--- Input records ---

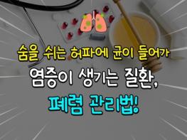 숨을 쉬는 허파에 균이 들어가 염증이 생기는 질환인 폐렴은 늦가을에 발생률이 더욱 높아지는데요.?자칫 감기로 오해할 수 있어 특히 세밀한 주의와 관심이 필요한 환절기 폐렴! 예방 및 관리법은 어떤 것들이 있는지 함께 알아보겠습니다.
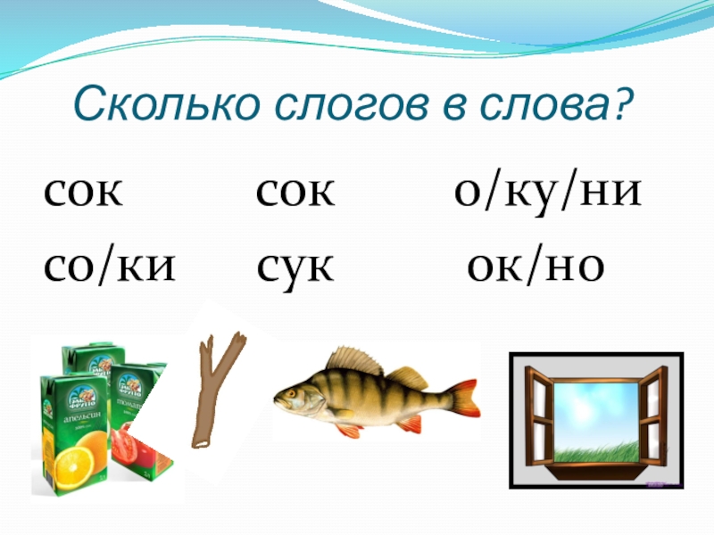 Сколько слогов в слова?сок     сок     о/ку/нисо/ки   сук
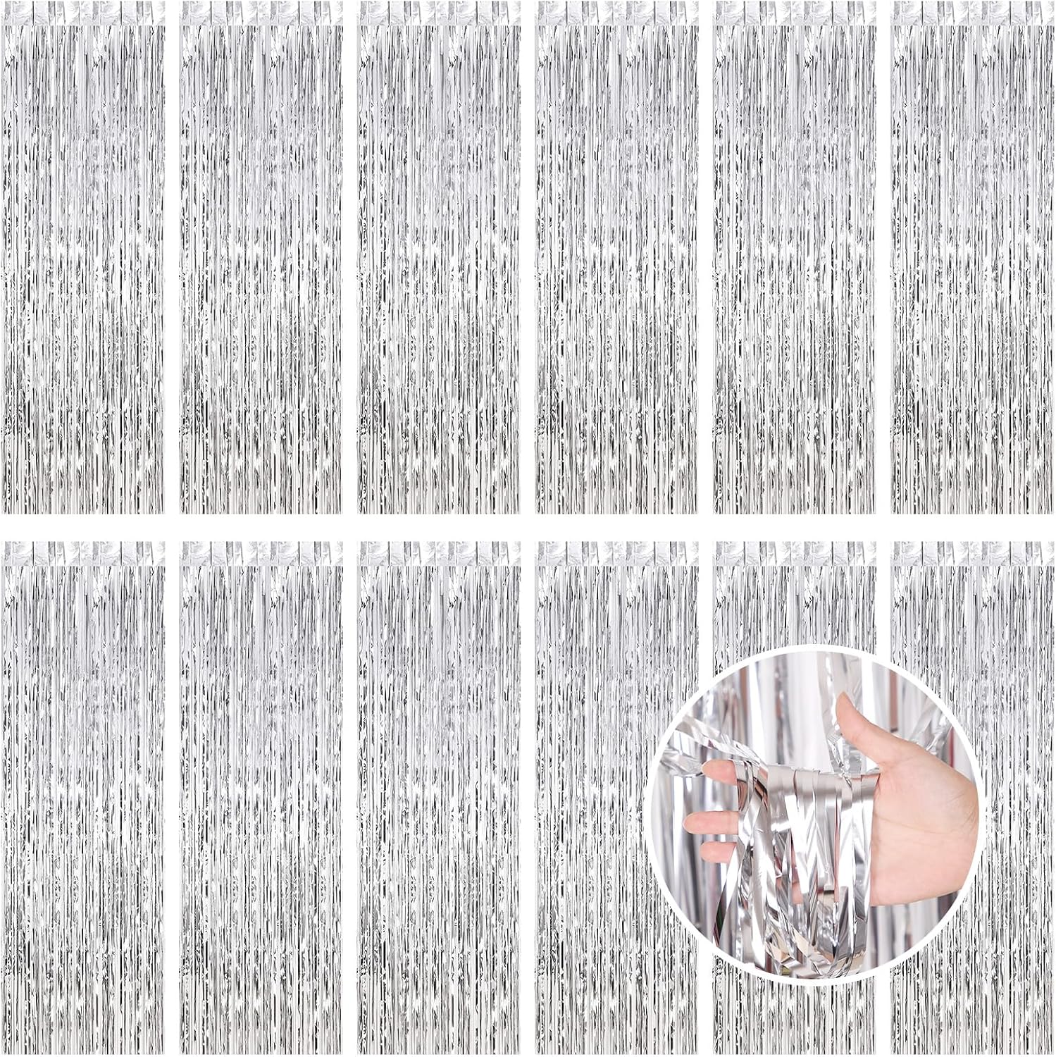 Silver Fringe Curtain Party Streamers, 12 Pack 3.3ft x 8.2ft Foil Curtain Backdrop Tinsel Foil Fringe Curtains Photo Booth Backdrop Streamer for Birthday, Wedding, Baby Shower, Disco Party
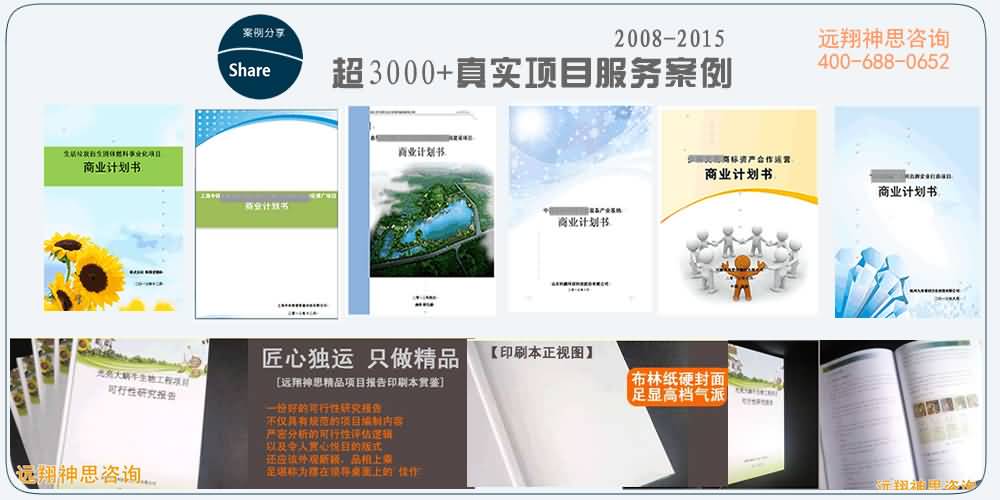 商业计划书(也叫融资计划书)英文名称为Business Plan,是企业或项目单位为了达到招商融资和其它发展目标之目的,是国际惯例通用的标准文本格式形成的项目建议书,是全面介绍公司和项目运作情况,阐述产品市场及竞争、风险等未来发展前景和融资要求的书面材料。目前,很多中小企业都缺乏专业撰写商业计划书的能力,缺乏对项目的系统整合、全面分析能力,导致在融资方面难以获得投资商的青睐。 到今天为止,远翔神思已经成功的为全国的27个省市自治区的企业,提供了高品质的商业计划书及融资报告的编制服务。公司具有专业化的咨询团队,首席咨询师具有7年以上项目运作经验,服务热情,收费平实,仅需4000-1万元就可以编写一份专业的商业计划书,是您的首选项目服务机构。
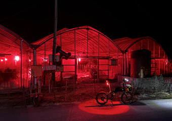 海沿いに出て高崎洞門を抜けると竹原火力発電所の明かりが目に入ってくるが、それよりずっと遠くの海上に煌々と輝く船がいて目を惹く。大型客船でも停泊しているのかと思ったが、それにしても船全体が発光しているかのように明るい。それからSAZANAMIモニュメントの周りにひまわりが沢山咲いている事に気付く。4週間前は咲いていなかった。そんなこんなで闇夜の中で限られた視覚情報を楽しみながら進んでいく。 |
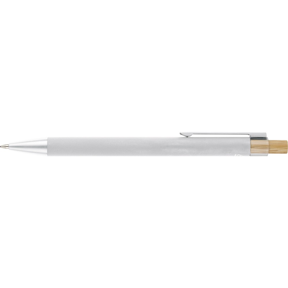 Újrahasznosított alumíniumból készült golyóstoll bambusz nyomógombbal és AS műanyag díszítéssel, fém klippel és a toll színével harmonizáló műanyag tollheggyel. A tolltesten lézergravírozott recycled (újrahasznosított) alapanyagra utaló logó található. Megközelítőleg 800 méter íráshosszúságú, kék színű tollbetéttel.
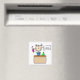 An adorable stick figure girl in the school science lab on a customizable magnet.
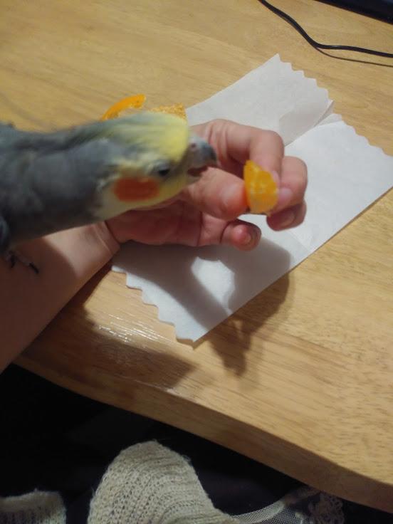 最近毎日食べているせいか、やっとみかんは怖くないとわかってきたようで、一粒ずつあげなくても食べるようになりました。
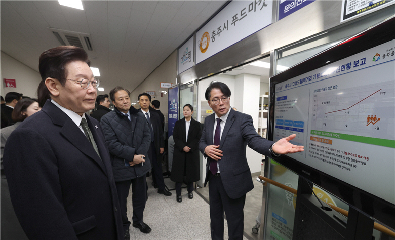 이재명 대통령이 11일 충북 충주시건강복지타운 내 그냥드림 코너를 방문해 운영 현황을 청취하고 있다. '그냥드림'은 정부가 생계에 어려움을 겪는 국민을 위해 기본 먹거리·생필품을 지원하는 사업이다.
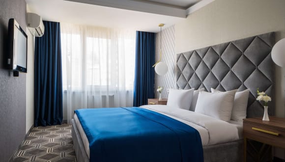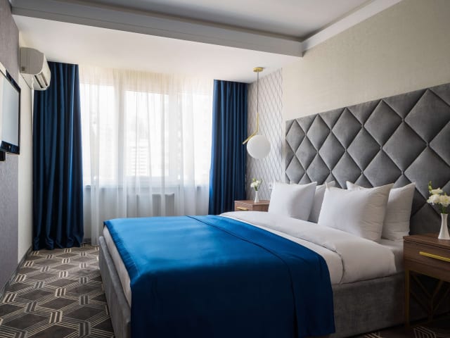 Die Zimmer im OK Odessa Hotel sind modern und stilvoll eingerichtet und bieten eine angenehme Atmosphäre. Die Zimmer sind in warmen Creme- und Erdfarbtönen gehalten und verfügen über reich gemusterte Teppiche. Zur Ausstattung gehören ein Flachbild-TV, ein Kühlschrank und ein eigenes Badezimmer mit kostenfreien Pflegeprodukten. Einige Zimmer verfügen auch über einen Balkon oder eine Terrasse.
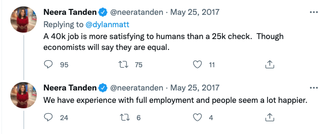 To many, the idea of giving residents free money with no strings attached or work requirements sounds radical because it would cost taxpayers too much money and encourage people to leave their jobs and stop working. Neera Tanden, former head of the left-leaning Center for American Progress and now a senior adviser to President Biden, said exactly that, tweeting her opposition to a universal basic income, or UBI, in 2017.

---

*Directions for this task:* Would you output only the span of the records above that opens with the line containing "海沿いに出て高崎洞門を抜ける" and closes with the line containing "이재명 대통령이 11일", ends included and pictures dropped?

*Answer box:*
 海沿いに出て高崎洞門を抜けると竹原火力発電所の明かりが目に入ってくるが、それよりずっと遠くの海上に煌々と輝く船がいて目を惹く。大型客船でも停泊しているのかと思ったが、それにしても船全体が発光しているかのように明るい。それからSAZANAMIモニュメントの周りにひまわりが沢山咲いている事に気付く。4週間前は咲いていなかった。そんなこんなで闇夜の中で限られた視覚情報を楽しみながら進んでいく。 |
 Újrahasznosított alumíniumból készült golyóstoll bambusz nyomógombbal és AS műanyag díszítéssel, fém klippel és a toll színével harmonizáló műanyag tollheggyel. A tolltesten lézergravírozott recycled (újrahasznosított) alapanyagra utaló logó található. Megközelítőleg 800 méter íráshosszúságú, kék színű tollbetéttel.
 An adorable stick figure girl in the school science lab on a customizable magnet.
 最近毎日食べているせいか、やっとみかんは怖くないとわかってきたようで、一粒ずつあげなくても食べるようになりました。
 이재명 대통령이 11일 충북 충주시건강복지타운 내 그냥드림 코너를 방문해 운영 현황을 청취하고 있다. '그냥드림'은 정부가 생계에 어려움을 겪는 국민을 위해 기본 먹거리·생필품을 지원하는 사업이다.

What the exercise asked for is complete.